John F. Russell/Steamboat Pilot & Today
The Crosho Fire cost an estimated $10.2 million to fight, but Routt County will pay only about $120,000 of what could have been over $5 million thanks to Colorado’s Wildfire Emergency Response Fund.
During a Sept. 4 joint Hayden Town Council and Routt County Commissioners meeting, County Manager Jay Harrington said the county would have been “on the hook” for over $5 million because over half of the fire burned on private land.
“It doesn’t matter where the fire starts,” Harrington said during the joint meeting. “It’s what it burns. So, the first two nights of that fire — which was mostly on federal land — burned through a million dollars a day on air support alone.”
However, because the county dedicates between $22,000 and $24,000 per year to the Colorado Wildfire Emergency Response Fund, the county will owe only about $120,000 of the $5 million for firefighting resources, according to DeMorat.
The state fund pools money from most counties in Colorado every year, acting as insurance in case a wildfire starts in an area that the local government would be responsible for.

Overnight, the fire grew to around 300 acres. Aerial resources were called in — including a Sky Hammer and two sky cranes — which used water from Crosho Lake and Allen Basin Reservoir for an initial attack.
Four Super Scoopers, or Canadair CL-415 aircraft, later arrived at the scene, dropping water from Stagecoach Reservoir on the blaze, as well as two Modular Airborne Fire Fighting System aircraft, two additional airtankers and one helitanker.
By the morning of Aug. 13, the fire had exploded to 1,700 acres.
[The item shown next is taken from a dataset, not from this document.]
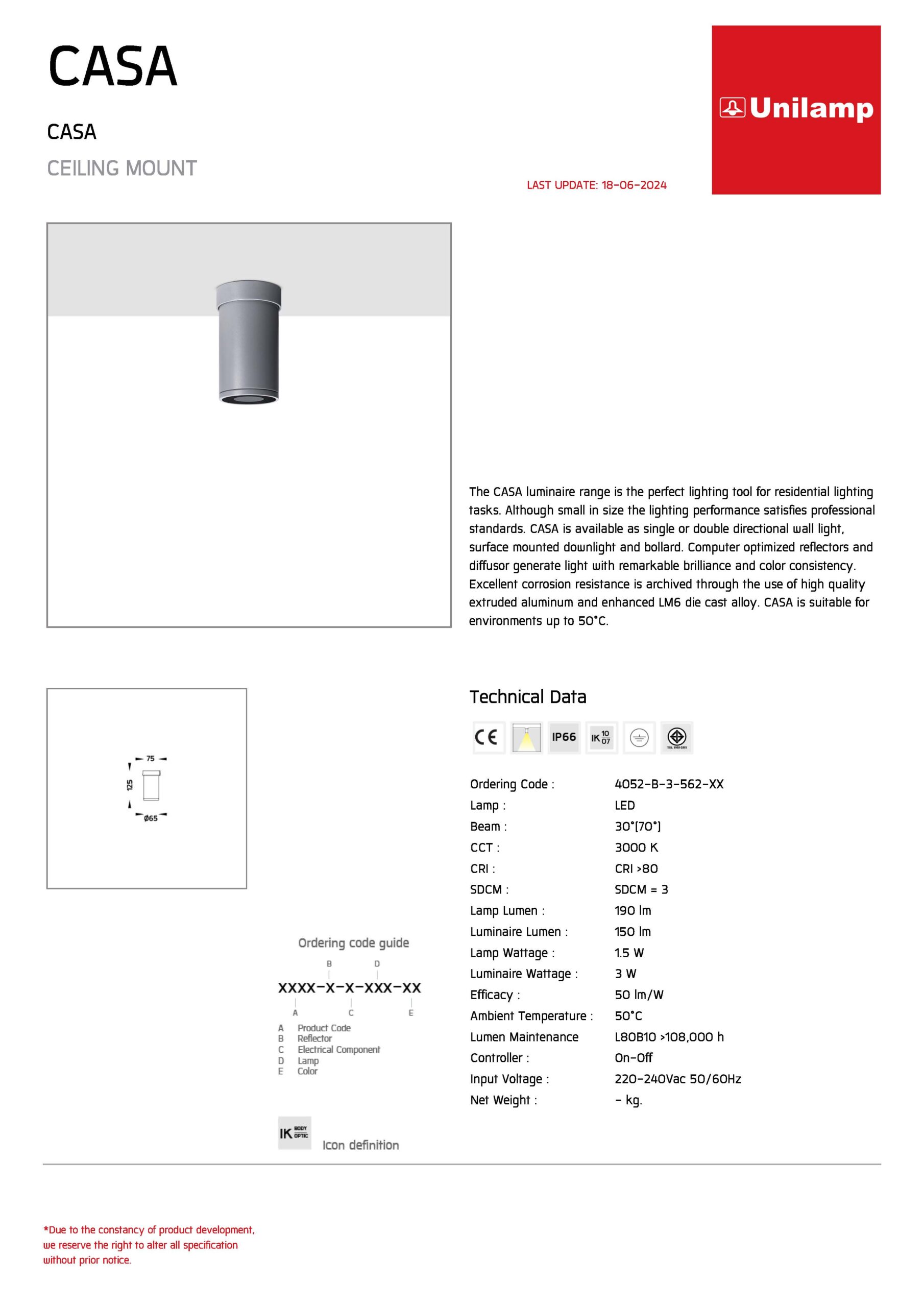 โคมไฟดาวน์ไลท์ติดลอยภายนอก CASA-4052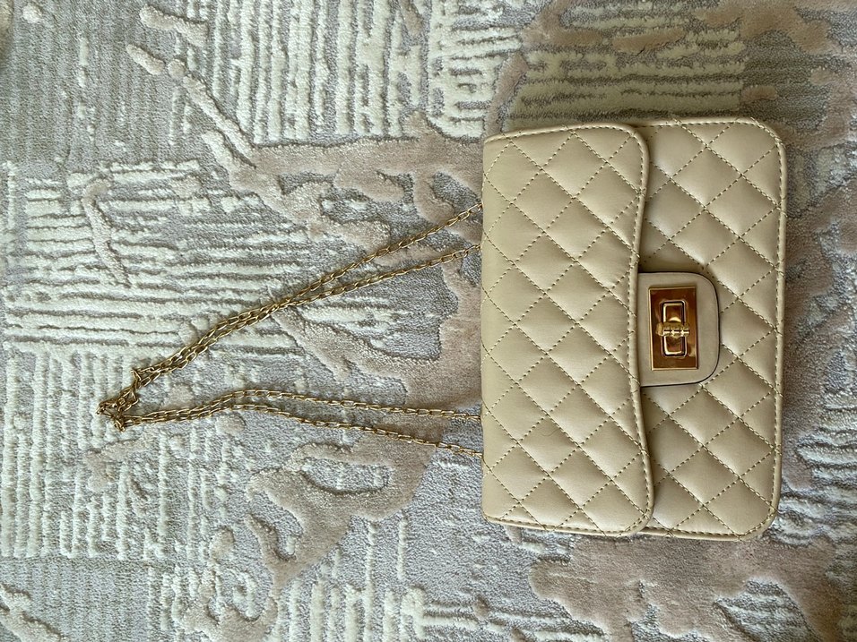 Bej Zincir Detaylı Kadın Çanta

Nearly 200 fire personnel — including firefighters from the Forest Service, Steamboat Springs, Oak Creek and Yampa — were on the scene, and two evacuation zones were issued “Go” orders.
At that point, the Forest Service, state and county entered a cost-share agreement, and the federal agency “picked up the bill” for resources deployed on Aug. 13, said DeMorat.
After the fire started to burn private property in Routt County, the Colorado Division of Fire Prevention and Control conducted a complexity analysis to determine if the intensity of the fire warranted funding from the Wildfire Emergency Response Fund.
Following the complexity analysis, the state and Forest Service “were picking up most of the tabs,” DeMorat said.
“As a part of that agreement, the county still has commitments,” he added. “So even though it’s state responsibility, the county has commitments to provide certain resources to include two Type 6 engines, a tender, a dozer, a grader, an incident command post and to manage all evacuations.”
The extra resources were provided by local fire districts like the Steamboat Springs Fire Protection District, who will ultimately be reimbursed by the county.
On Aug. 26, the fire reached 100% containment at 2,073 acres, with 60% of the fire covering private property to the north of Crosho Lake.

As the fire calmed down, fiscal responsibility was returned to the cost-sharing agreement between the county and the Forest Service.
According to DeMorat, the county has received state support from the Wildfire Emergency Response Fund four times in the past eight years: for the Mill Creek and Deep Creek fires in 2017, the Muddy Slide Fire in 2021 and now the Crosho Fire in 2025.
Over the past eight years, the county has dedicated about $165,000 to the state Wildfire Emergency Response Fund, according to DeMorat.
“With the Crosho Fire totaling about $10 million and more than 50% of that was on private property acres, if we did a strict cost-share with without the emergency fire fund and the state’s responsibility, that would be about a $6 million bill,” said DeMorat. “It’s been a real big benefit to Routt County.”